During the summer of 2008, I had just started my first office job in a small law office and looked forward to watching the Olympics each night while drinking beer. I knew that the games would be on all day and almost all night. Part of that had to do with the time difference between the United States and China, which allowed for the perfect mix of live coverage and previously aired coverage that helped blend the whole experience into just watching. I stayed up late to watch the basketball Gold Medal Game only because I love basketball so much. Otherwise, I was content to watch whatever event was on, whether it was diving, gymnastics, swimming, handball or beach volleyball. And since I was almost 23 years old and had already witnessed Lebron enter and dominate the NBA, I no longer cared or thought of Olympians or really anyone of my contemporaries as a true hero. What I got from the Olympics was the warm feeling of knowing it was on; of knowing that at a bar, people I didn’t know would be watching Michael Phelps with their own problems. They’d order beers, glance at themselves in the mirror, see the reflection of the pool on TV in the bar mirror and then tilt their heads back up at the screen. There would be celebrations at American achievement and jeers at Chinese dominance. That is what I learned during the 2008 Olympics.
This past weekend, after these 2012 games had already been on for a week, I did the following things in order: ate Mile End, got drunk, slept, woke up, cleaned my apartment, played pick-up basketball for three hours (including a full court pick-up game against a travel team of middle schoolers where I plowed over a 13 or 14-year old kid without remorse), drank a leisurely sunset beer with a good friend, went to bars in Crown Heights with old friends from college, chewed nicotine gum, slept, met up with one of my best friends and his wife, sat in a bar and talked about sports and memories and life and things we were going to do together next summer, had a large Chinese food dinner with my friend, his wife, his brother, his mother, his aunt, his younger girl cousin, his older guy cousin (who has become like my own cousin), and his cousin’s two-year old son. We ate moo shu pork, chicken with broccoli, egg rolls, moo shoo chicken, pork fried rice, soup dumplings, regular dumplings and searched high and low for some fried noodles. After we ate, we sat and watched the two year old roll around on the carpet and play with ball pillows. We teased him, tricked him, and made him run after the cat and the dog that were in the apartment. Perched on the wall was a big screen, high definition TV, playing the Olympics. When I got home, just missing the second round of down-pouring rain, I watched the newest episode of Breaking Bad—and during each commerical break, I switched the channel back to Bob Costas and the Olympics.

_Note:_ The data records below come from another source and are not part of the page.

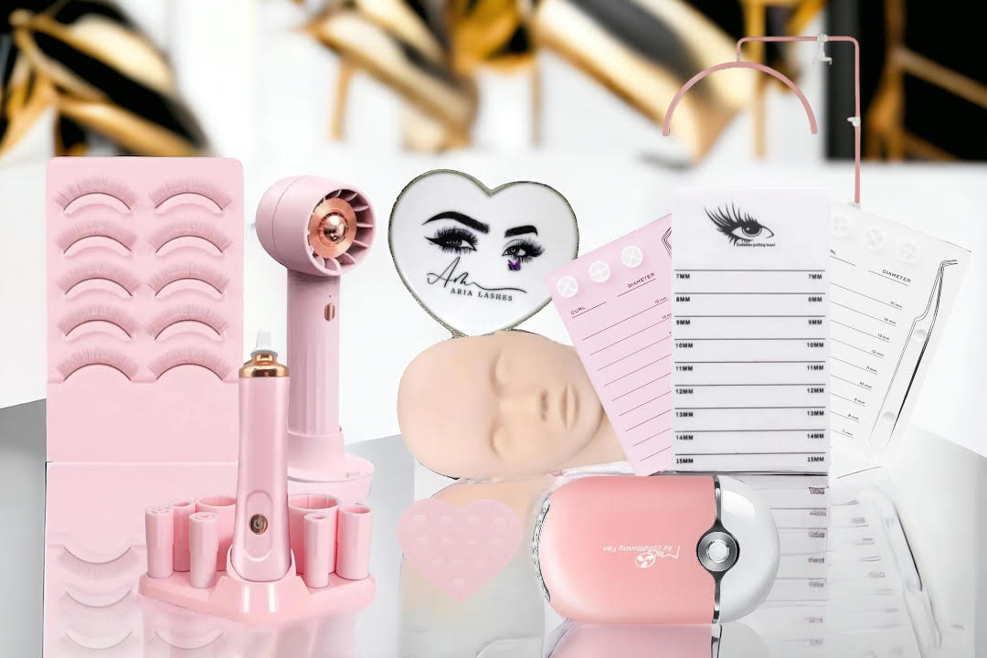 Kit mini troler roz cu spuma de gene Aria, perie de curatare si periuta mascara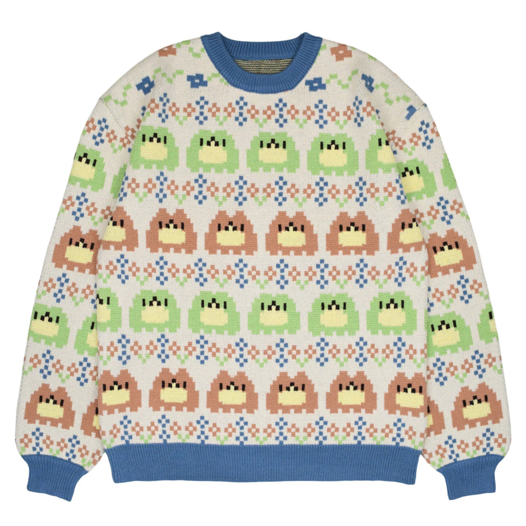 Colourful slouchy, oversized jumper featuring a fun little frog themed pattern.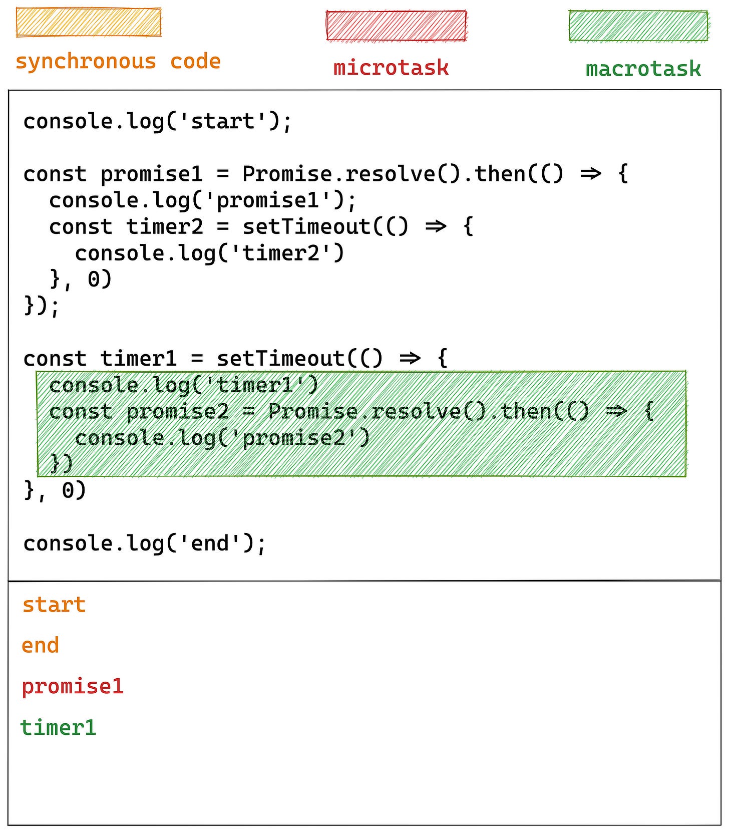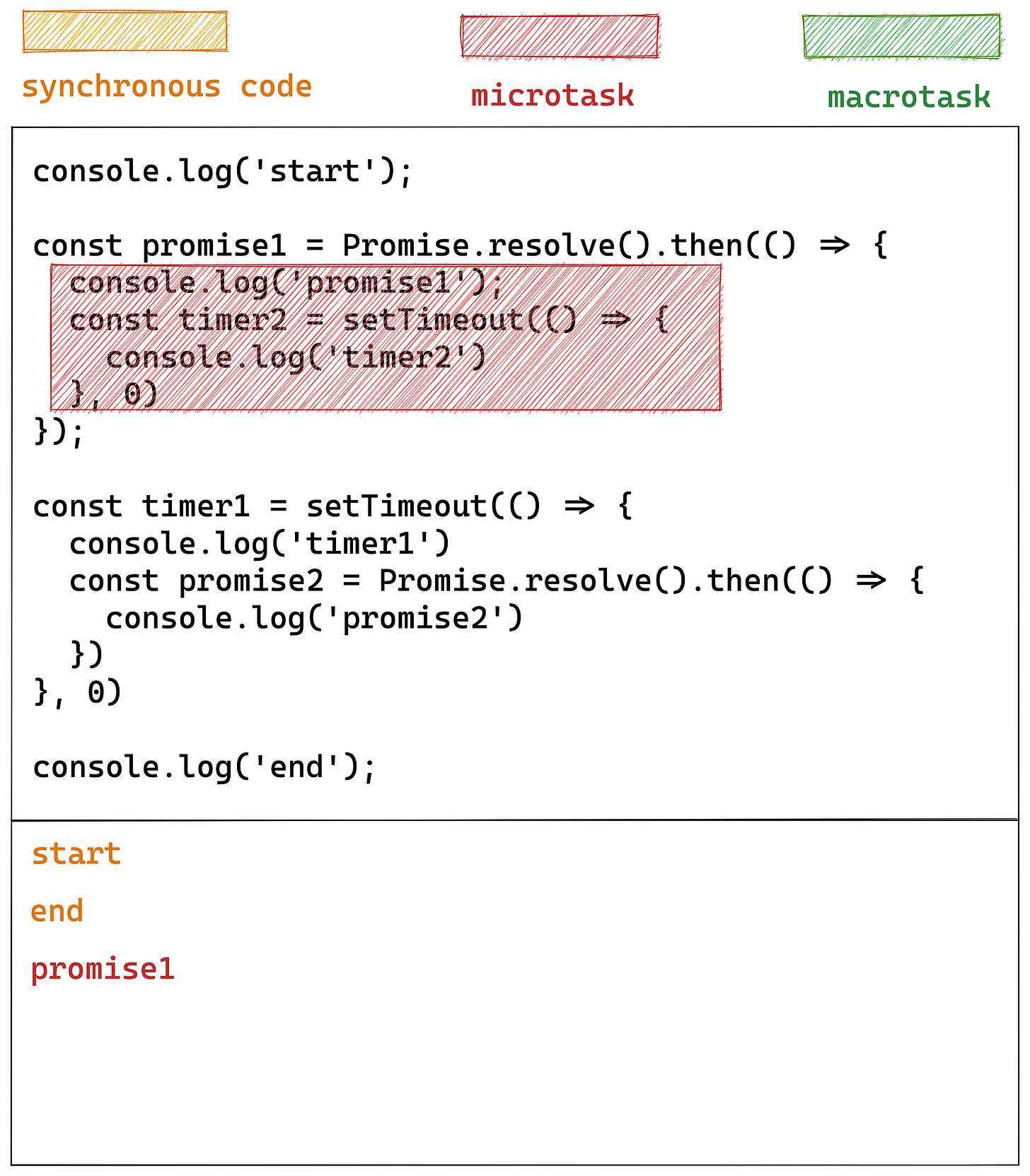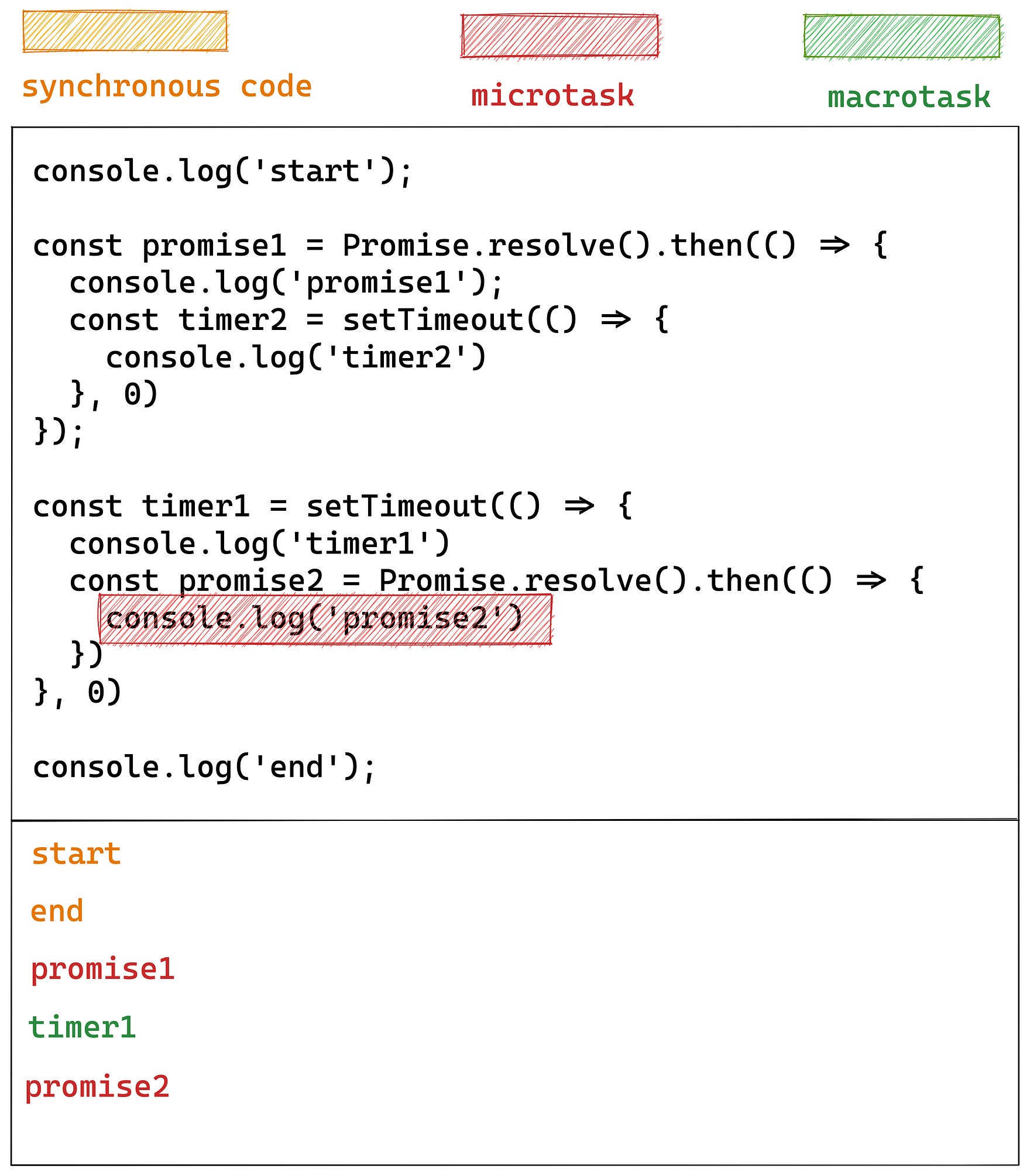 When encountering this problem, we only need to distinguish between synchronous code and asynchronous code.

Michael Phelps may be a dick, but so are most of us. We tweet off color jokes about the Olympics and Olympians and the sex in the Olympic Village because we respect the Olympics and the athletes that compete in them. We make jokes because we are sad that we have lost the idyllic images of our youth. But most of all, we make jokes because we are humans and we are happy that the Olympics are a constant, a stable event that seems to heighten our lives for two weeks out of a larger, continuous and confused life.
In a few days, the 2012 Olympics will be over. Michael Phelps will be gone, his run as the best Olympian ever a distant memory. And we'll go to work, eat lunch, nap in the park and try to find that next thing to focus on, to look forward to and to make us feel better.